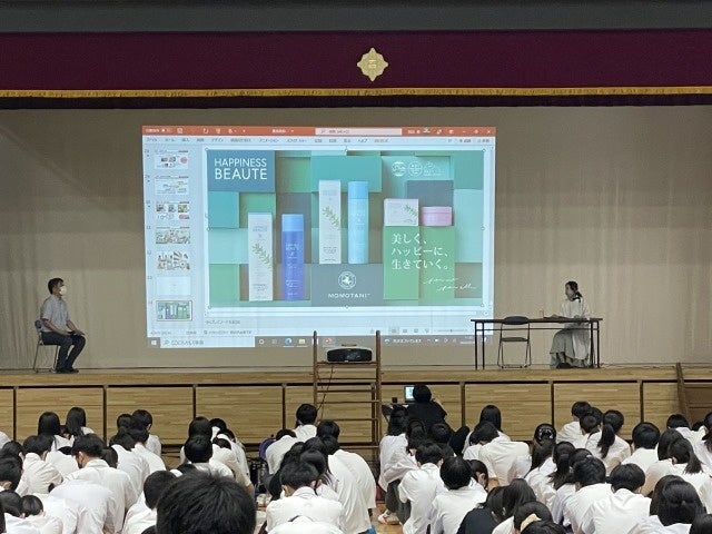 創業137年の化粧品メーカー「桃谷順天館」(代表取締役社長 桃谷誠一郎、大阪市中央区)は、7月19日(火)に開催された東京都立豊島高等学校(以下豊島高校)「第5回豊島セミナー」に当社研究員が登壇し、1、2学年の在校生徒約600名に向けてトークショーを実施いたしました。
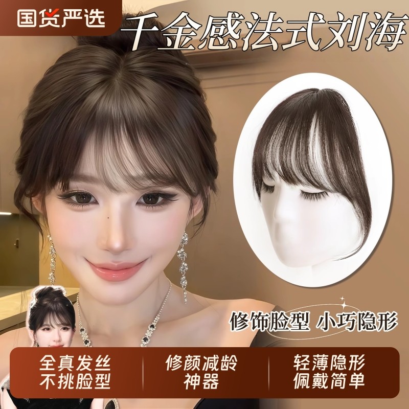 许妍同款法式刘海假发女自然前额增发量蓬松真发无痕齐刘海假发片
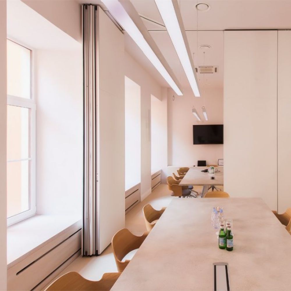 Alumiiniumraamiga profiilid pakuvad eriti soliidset välimust. Palace 90 sobib igasse ruumi. Vaatamata õhukestele paneelidele on Palace 90-l väga ulatuslik funktsionaalsuse pakett. Näiteks on EPDM teleskooptihendite kasutamise tõttu akustilised omadused väga head.
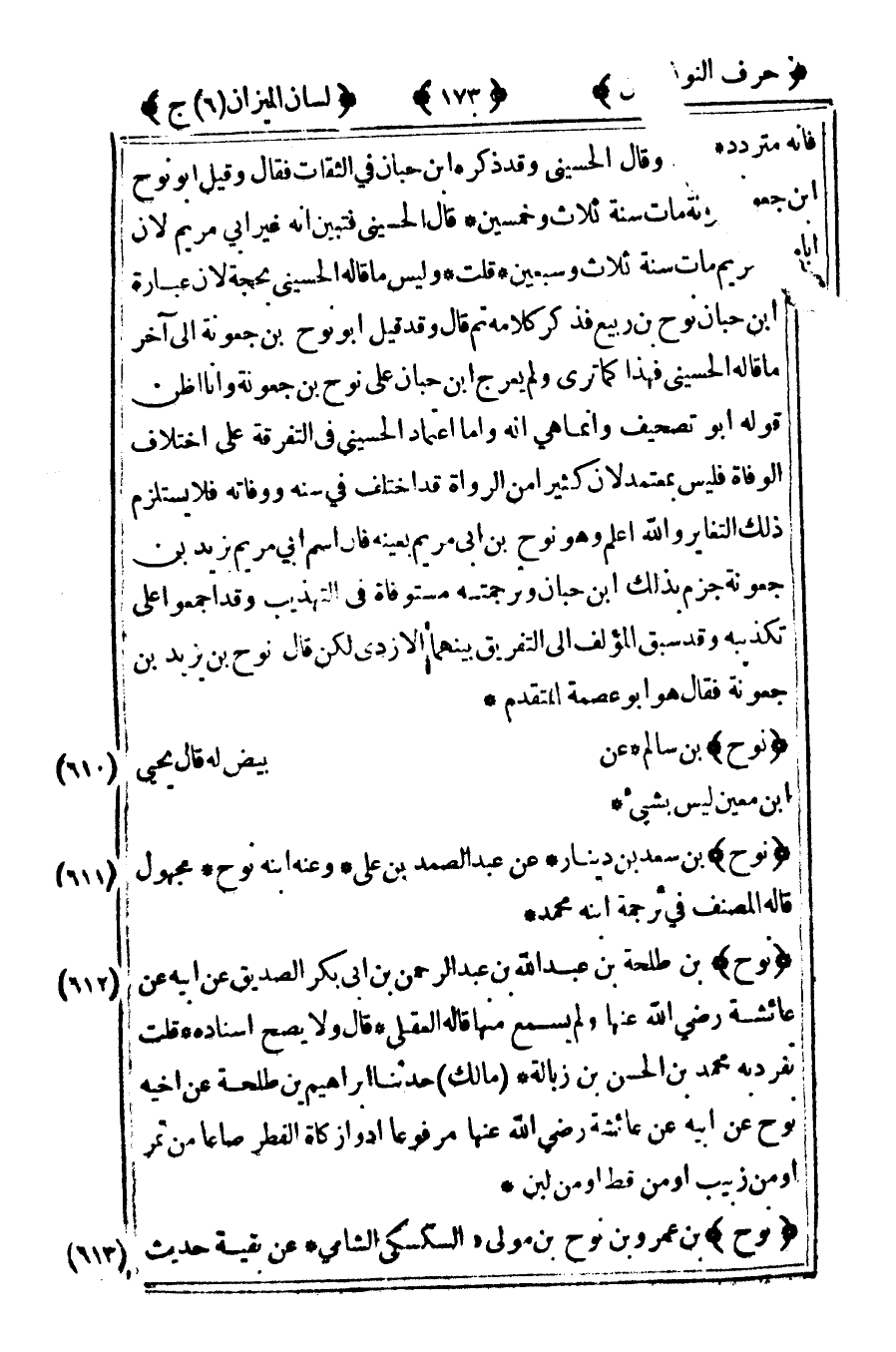 [611] "نوح" بن سعد بن دينار عن عبد الصمد بن علي وعنه ابنه نوح مجهول قال المصنف في ترجمة ابنه محمد.
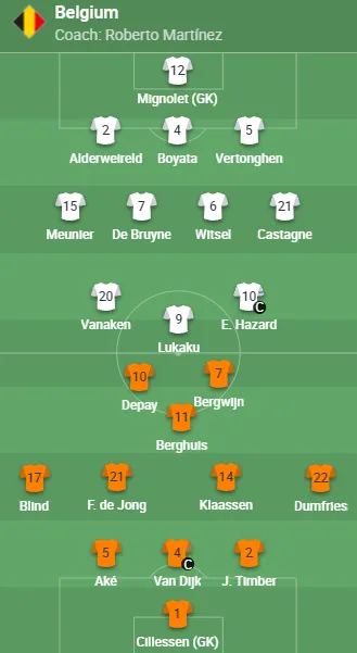 荷兰首发:1-西莱森、5-阿克、4-范迪克、2-廷伯、17-布林德、21-F-德容、14-克拉森、22-邓弗里斯、11-博古伊斯、10-德佩、7-贝尔温
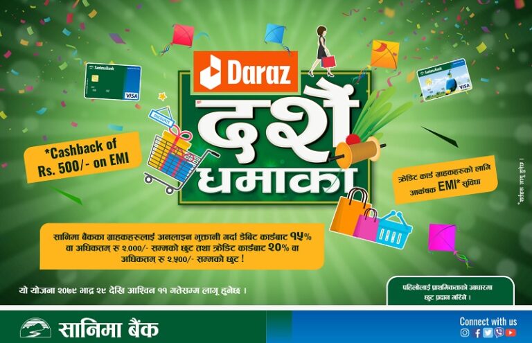 योजना अवधिभर ग्राहकहरुले सानिमा बैंकको डेबिट तथा क्रेडिट कार्डबाट भुक्तानी गर्दा दराजबाट सामान खरिद गर्दा विशेष छुट प्राप्त गर्न सक्नेछन् । यो योजना भाद्र २९ देखि आश्विन ११ गतेसम्म १४ दिनका लागि लागू हुनेछ ।
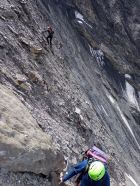 Die Schwierigkeiten befinden sich im Erreichen des Zackenjochs. Die ganze Flanke besteht aus Blankeis, reichlich mit Geröll übersäht und nicht angenehm zu gehen. Das Gute dabei: Steinschlag ist kein Thema, der wird im Geröll sofort gebremst. Wir haben auch keinen Steinschlag wahrgenommen.
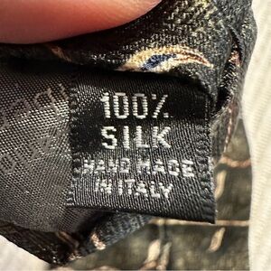 100% silk necktie by Lamberti, made in Italy. shades of gray, brown, white, and gold.
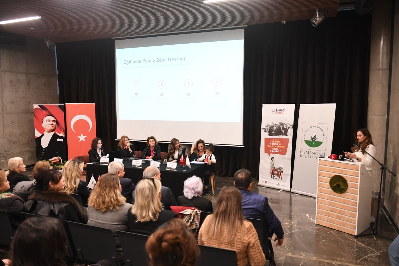 Hayatın her alanında toplumsal cinsiyet eşitliğini temel alan yaklaşımlarla çalışmalarını gerçekleştiren Osmangazi Belediyesi, 5 Aralık Kadının Seçme ve Seçilme Hakkı Günü etkinlikleri kapsamında ‘İnsan Kadın’ adlı panel ile ‘Haremden Özgürlüğe Türk Kadınının Bağımsızlık Öyküsü’ isimli sergiye ev sahipliği yaptı.
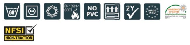Коврик очень прочный. Полиамидные волокна прочно в паяны в латексную основу. Данная технология Соединение двух материалов обеспечивает многолетнее использование даже в местах с повышенным пешеходным движением. Ковер не содержит вредного ПВХ, он не рвется не переламывается. Коврик подходит для полов с подогревом. Он устойчив к ультрафиолету долгое время отстояться первоначального цвета живого и насыщенного.
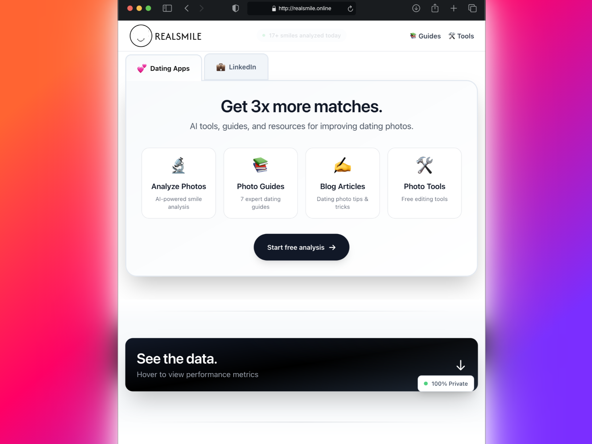 RealSmile provides you with a comprehensive suite of AI tools, expert guides, and curated resources designed to enhance your visual presence. Whether you are looking to improve your dating profiles or your professional imagery, these resources prioritize authenticity to help you make a better impression. You can access specialized advice and technology focused on photo improvement to ensure your digital identity looks its best.
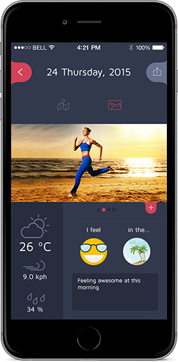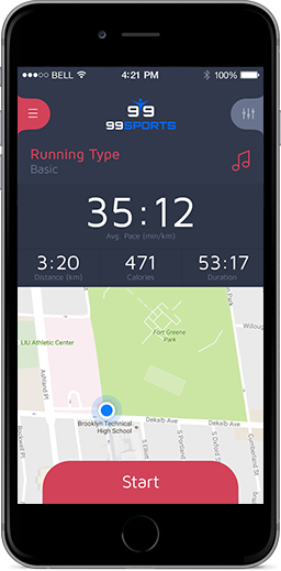 Running uses the phone’s GPS to track running activities. It records the pace, distance, total exercise time, estimated calories burned while letting runners set goals based on distance, duration, calories.
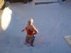 Taken by her husband, Mark Howley, Elaine, in her backyard on Columbus Ave., picked a Union Jack suit for Tuesday while the storm raged on. She opted for the Wonder Woman suit on Wednesday after the snow had settled a bit.
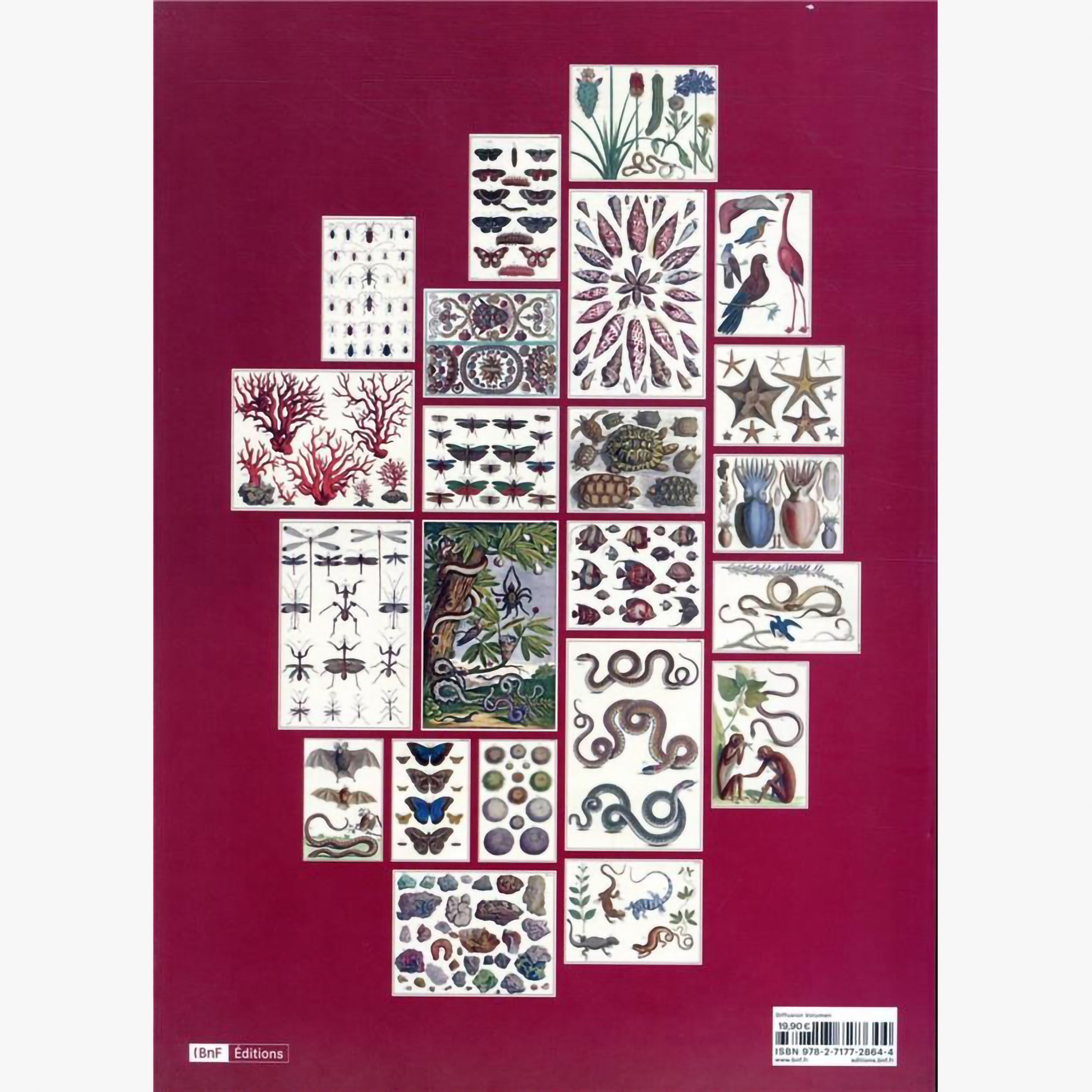 Published in the 18th century, the catalog of Albertus Seba's cabinet of curiosities is one of the most valuable natural history works of its time, on the border between art and science. 22 plates of mammals, birds, snakes, insects, corals, and even shells, are skillfully arranged in this book, detachable and ready to be framed to form splendid decorative patterns...
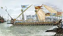 - Les navires vénitiens pourraient transporter le grain acheté n’importe où dans l’empire et l’exporter sans restriction, sauf dans les pays hostiles à l’empire, pour autant que le prix demeure à 50 hyperpères d’or pour 100 modioi. Si les prix venaient à augmenter l’exportation serait sujette à une licence spécifique donnée par l’empereur[34],[45].
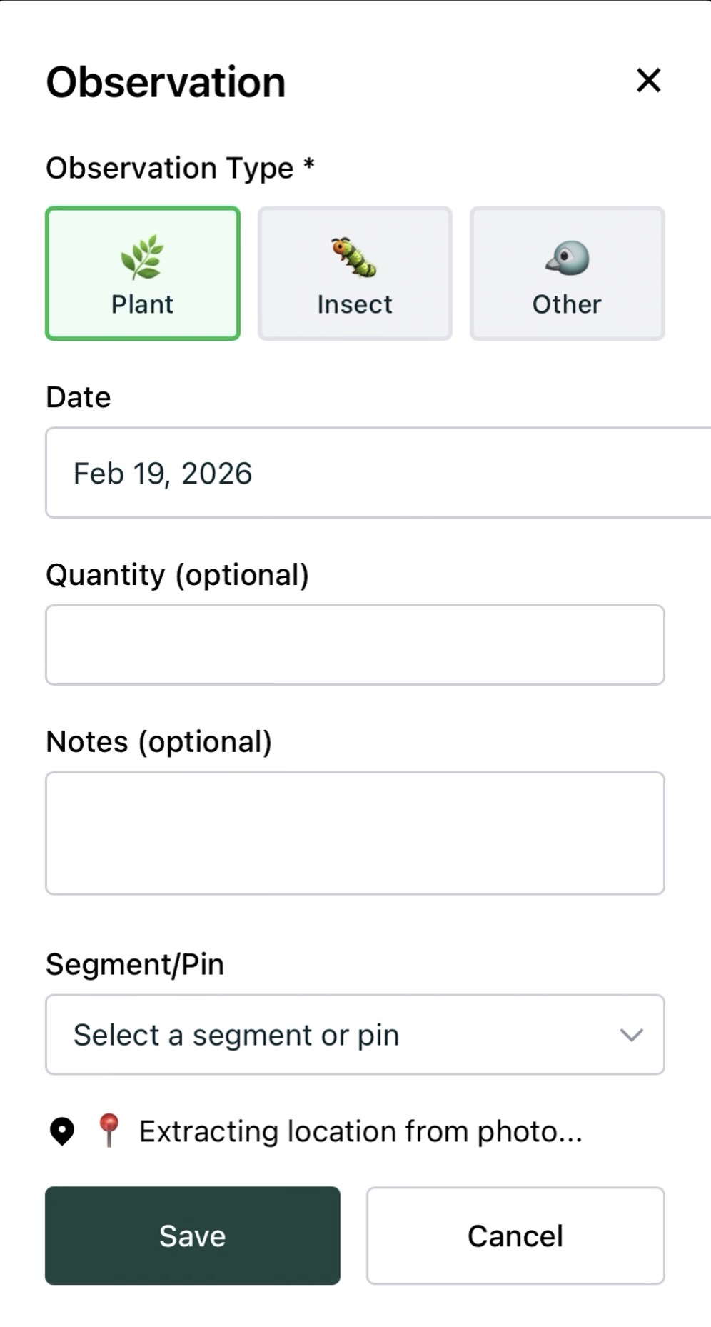 5. After taking a photo of your observation, identify if it was a Plant, Insect, or Other. On this page, you can edit the date, quantity, add notes, and select which pin or segment the observation is associated with.
+++
> _Exercise details_
The required output is every line from the beginning of the material above through the line with "योजना अवधिभर ग्राहकहरुले", exact and without pictures.

> _Exercise solution_
 創業137年の化粧品メーカー「桃谷順天館」(代表取締役社長 桃谷誠一郎、大阪市中央区)は、7月19日(火)に開催された東京都立豊島高等学校(以下豊島高校)「第5回豊島セミナー」に当社研究員が登壇し、1、2学年の在校生徒約600名に向けてトークショーを実施いたしました。
 许妍同款法式刘海假发女自然前额增发量蓬松真发无痕齐刘海假发片
 Alumiiniumraamiga profiilid pakuvad eriti soliidset välimust. Palace 90 sobib igasse ruumi. Vaatamata õhukestele paneelidele on Palace 90-l väga ulatuslik funktsionaalsuse pakett. Näiteks on EPDM teleskooptihendite kasutamise tõttu akustilised omadused väga head.
 [611] "نوح" بن سعد بن دينار عن عبد الصمد بن علي وعنه ابنه نوح مجهول قال المصنف في ترجمة ابنه محمد.
 荷兰首发:1-西莱森、5-阿克、4-范迪克、2-廷伯、17-布林德、21-F-德容、14-克拉森、22-邓弗里斯、11-博古伊斯、10-德佩、7-贝尔温
 योजना अवधिभर ग्राहकहरुले सानिमा बैंकको डेबिट तथा क्रेडिट कार्डबाट भुक्तानी गर्दा दराजबाट सामान खरिद गर्दा विशेष छुट प्राप्त गर्न सक्नेछन् । यो योजना भाद्र २९ देखि आश्विन ११ गतेसम्म १४ दिनका लागि लागू हुनेछ ।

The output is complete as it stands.